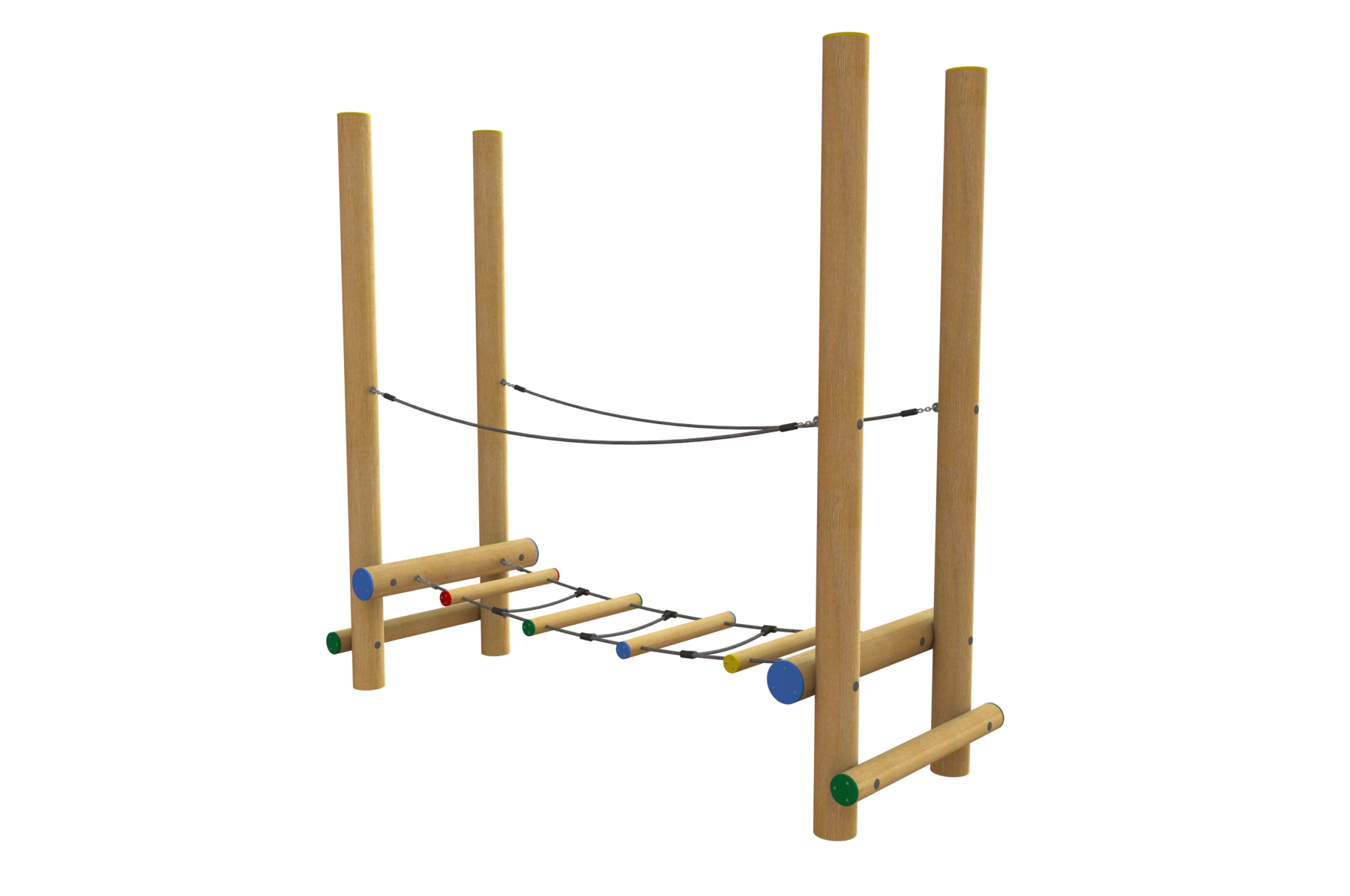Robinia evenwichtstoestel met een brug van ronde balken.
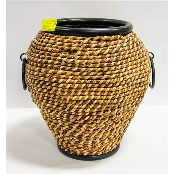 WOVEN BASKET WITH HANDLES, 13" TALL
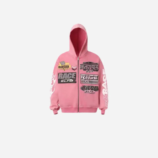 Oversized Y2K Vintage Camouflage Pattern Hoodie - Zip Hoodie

Prompt: Would you reproduce the lines above exactly, without carrying over the pictures?

Result:
Robinia evenwichtstoestel met een brug van ronde balken.
 WOVEN BASKET WITH HANDLES, 13" TALL
 Oversized Y2K Vintage Camouflage Pattern Hoodie - Zip Hoodie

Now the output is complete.